No, he told himself. Not that. She’s run away. That’s all. You know that’s all.

He knew that was all because she’d warned him. The day before, in no uncertain terms, she’d told him he had to allow her to lead a normal life or she would find a way to escape.

This was his fault. The result of his excessive fear. He knew it. And he hated himself for what he’d done to her. But he didn’t know what else to do.

Yes, she’d run away again. That was all.

He turned and looked around the room. Tom didn’t know anything about decor, but he knew it was the kind of room that should have delighted any young woman. The high iron bed was covered with a fluffy rose-colored comforter and ruffled pillows. He could almost see his daughter at the dressing table, her long, dark hair shining in the sunlight that streamed through the bank of wall-to-wall windows. To him, the room looked like something from a fairy tale.

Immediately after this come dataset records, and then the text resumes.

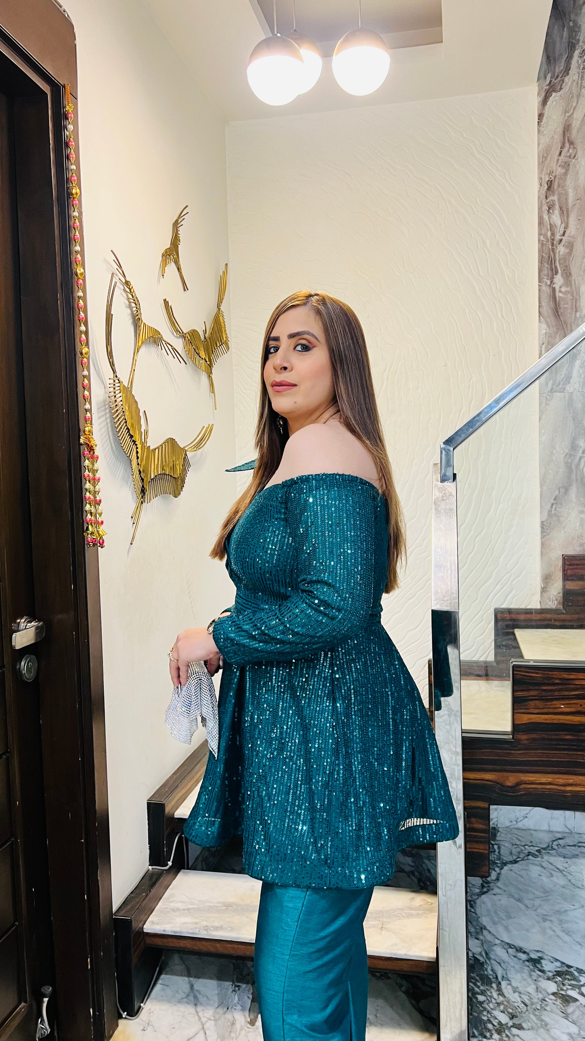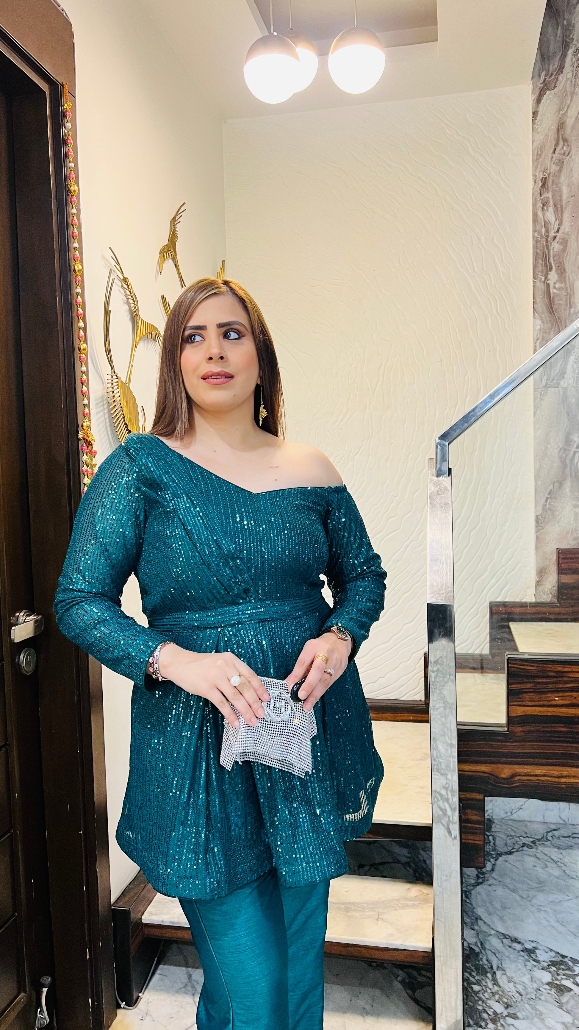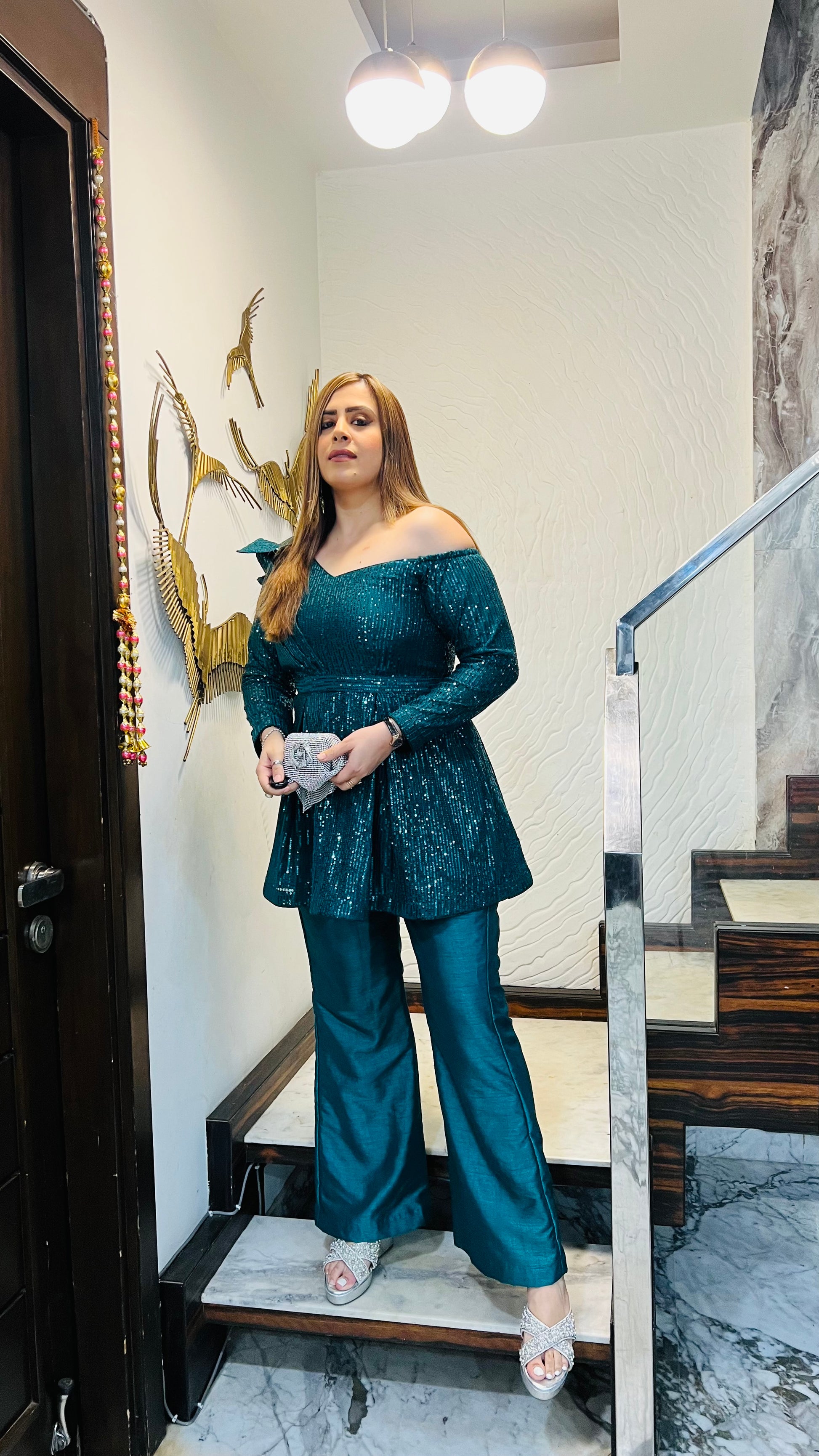 A glamorous Forest Green sequin co-ord with an off-shoulder top and flared pants 🌟✨. Paired with silver heels and a matching clutch, it’s perfect for stylish evening events! 💃💎 |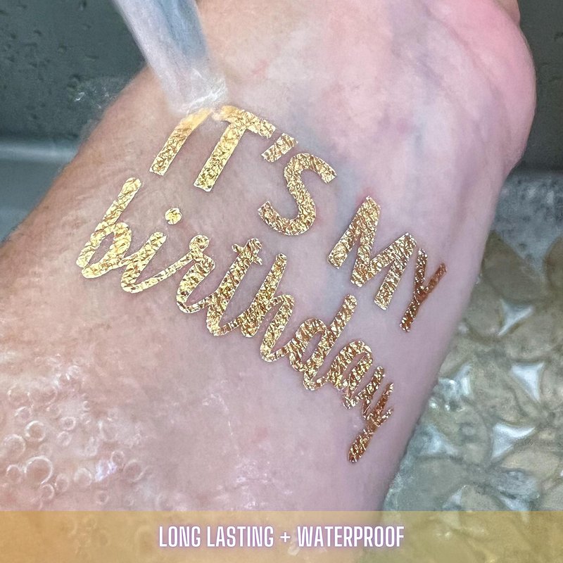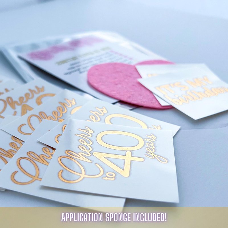 Are you planning or celebrating a 40th birthday? Look no further! Tats4Now presents the ultimate accessory to elevate your party - our set of 12 Metallic Gold Temporary Tattoos! Celebrate in Style: Get ready to toast the birthday person with these stunning metallic gold tattoos that perfectly capture the spirit of the occasion. With "Cheers to 40 years" for the guests and "It's my Birthday" for the Birthday person. You are sure to be making memories that will last a lifetime. High-Quality & Easy Application: Our metallic tattoos are made with the highest quality materials, ensuring they shimmer and shine just like real gold. Application is a breeze - simply peel, press, and revel in the glamorous transformation! Plus, with the pre-cut designs and application sponge you'll be ready to party in no time (No remembering a scissors or wasting time cutting these babies out). Perfect for Birthday Vibes: Whether you're taking off for a themed brithday destination or raising a glass around your kitchen table, our brithday party tattoos are the perfect complement to your celebration. These temporary tattoos will add a touch of elegance and fun to your special day. Unforgettable Memories: Create connection and fun memories of your birthday bash with these sparkling tattoos. They make for fabulous photo opportunities and will have your party squad looking fabulous in every picture. Safe & Lasting: Our tattoos have passed rigorous safety tests, making them suitable for all skin types. Rest assured, they're easy to remove when the party is over. However, while the celebration lasts, these tattoos will stay put, ensuring they shine brightly throughout your memorable weekend.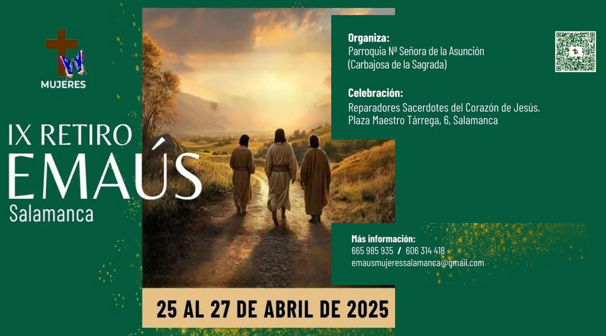 ✅ La Parroquia Nuestra Señora de la Asunción de Carbajosa de la Sagrada ha organizado el IX RETIRO EMAÚS del 25 al 27 de abril de 2025.

It’s just another prison! Another in a long line of prisons!

Tom closed his eyes against the memory of Melina’s angry accusation the afternoon before. She hadn’t wanted to be here. She’d wanted to go to some museum, had wanted to wander around Haight-Ashbury, for God’s sake. Her eyes had communicated her frustration.

And, as he had done for half her life, Tom Somerset had insisted that he knew what she needed far better than she knew herself.